(What to produce):
The answer must be the full data, restated word for word, with no pictures in it.

(Recorded data):

-- Opening Marker --

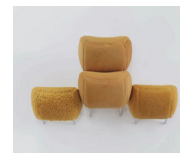
Jiyoong Chung Everything is Personal to Me, 2024 polypropylene head restraints collected from crushed cars and degraded by mealworms 31 x 81 x 38 cm
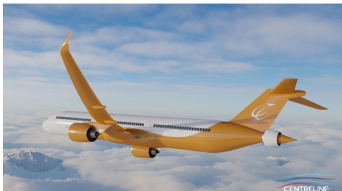
CENTRELINE turbo-electrically driven fuselage wake-filling aircraft
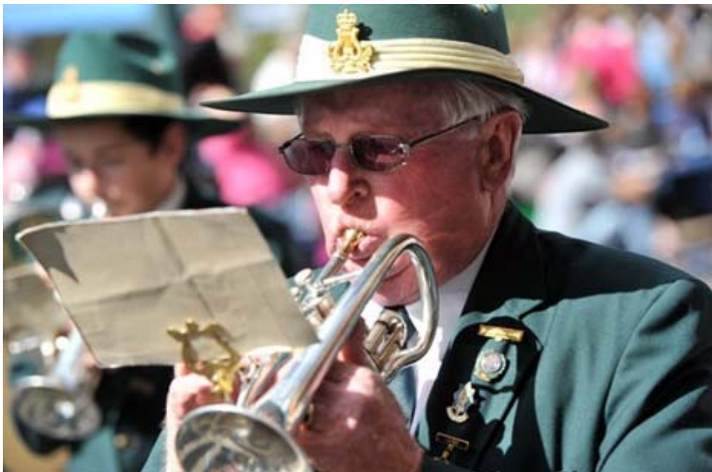
Bendigo Advertiser Webpage. Bendigo Easter Parade 24/04/2011 Photographer: JIM ALDERSEY

-- Closing Marker --

(Solution to the problem):
Jiyoong Chung Everything is Personal to Me, 2024 polypropylene head restraints collected from crushed cars and degraded by mealworms 31 x 81 x 38 cm
CENTRELINE turbo-electrically driven fuselage wake-filling aircraft
Bendigo Advertiser Webpage. Bendigo Easter Parade 24/04/2011 Photographer: JIM ALDERSEY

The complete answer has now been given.